Our client, an EEA national, who had been residing in the UK since 2001, was convicted of criminal offences in the UK, and was sentenced to a total of six years in a young offender’s institute. Our Client was deported from the U.K and we acted for him. The Respondent notified the Applicant that she intended to make a deportation order against him on the ground of public policy and in accordance with regulation 19(3)9B) and regulation 21 of the EEA Regulations 2006. A couple of years later the Respondent made a decision to deport the Applicant under regulation 19(3) (b) of the EEA Regulations 2006. The Respondent did not accept that the Applicant had been in the UK for a continuous period of five years (or more).
The Respondent considered the Applicant to have a propensity to re-offend and maintained that he represented a genuine, present and sufficiently serious threat to the public such as to justify his deportation on grounds of public policy. The Respondent further maintained that, even if the Applicant did have permanent residence as a result of five or ten years continuous residence in the UK, the test of serious policy would be have been met.

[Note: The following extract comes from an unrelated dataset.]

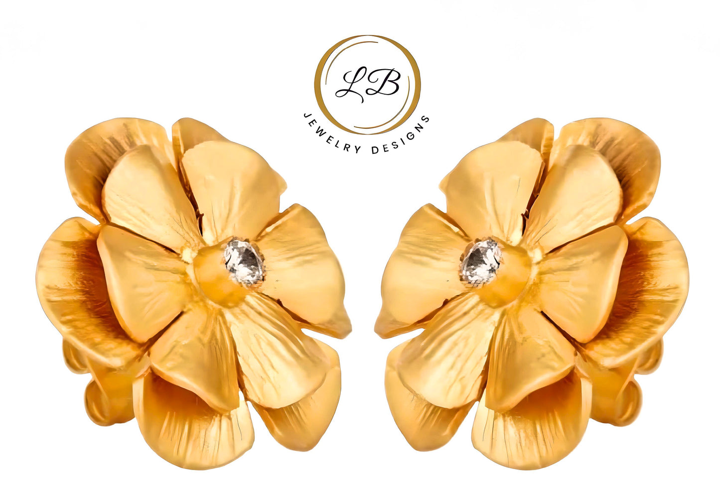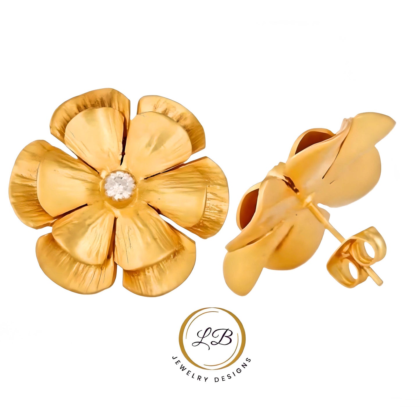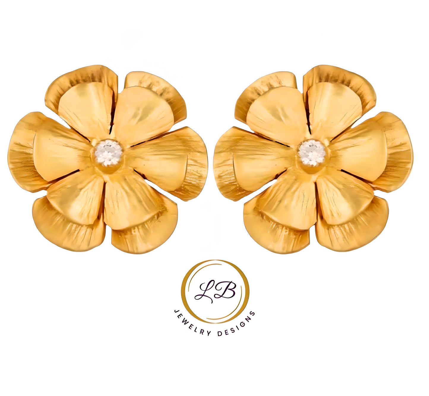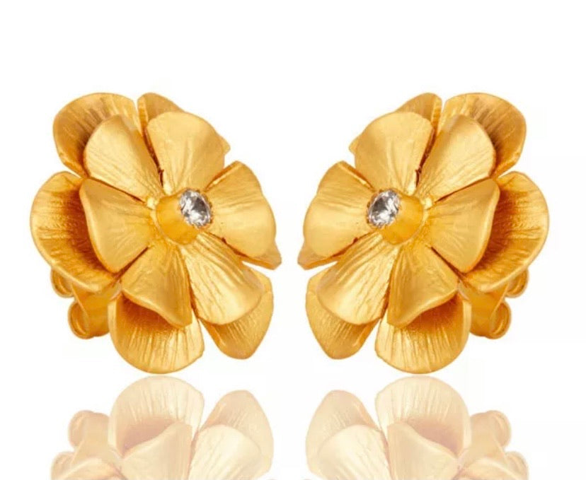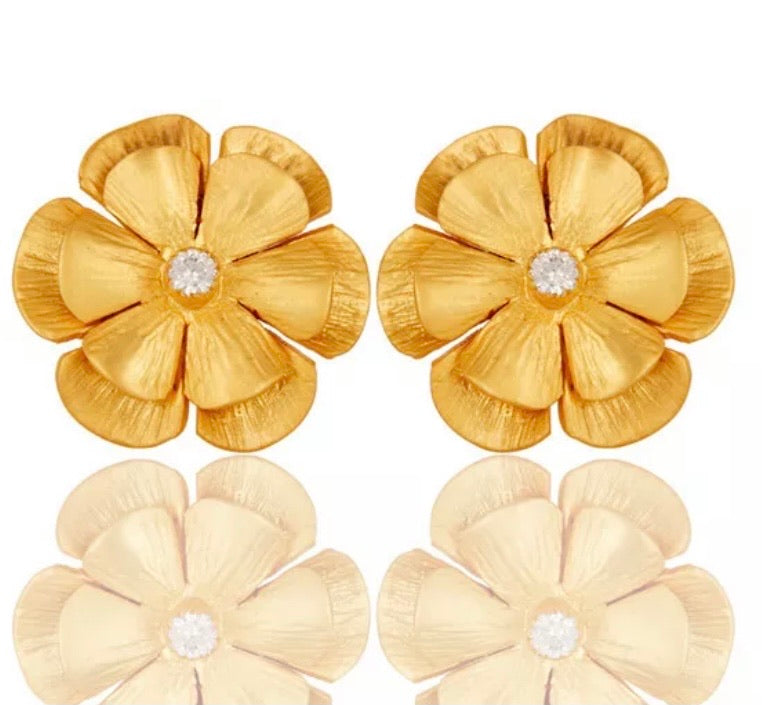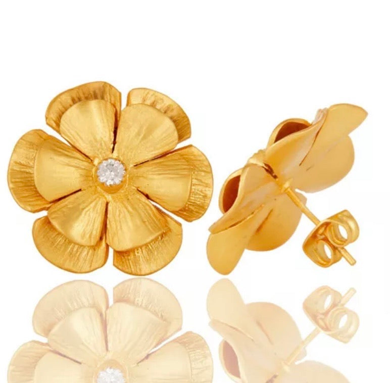Expertly crafted, these 22k brushed gold vermeil statement earrings feature a lovely flower design and a white Topaz gemstone center accent. Measuring at 1" x 1", they are the perfect lightweight addition to any outfit.

We challenged the decision to deport our Client before the First-Tier Tribunal and successfully represented our Client. However, the Home Office applied to the First-Tier Tribunal for permission to appeal the First-Tier Tribunal’s determination, which was granted by the Frist-Tier Tribunal on various grounds. The matter was heard before the Upper Tribunal and we again successfully represented our Client in this hearing.
Consequently, the Upper Tribunal didn’t find any error of law and upheld the findings of the First-Tier Tribunal. Therefore, the deportation order was set aside, and our Client remained in the UK.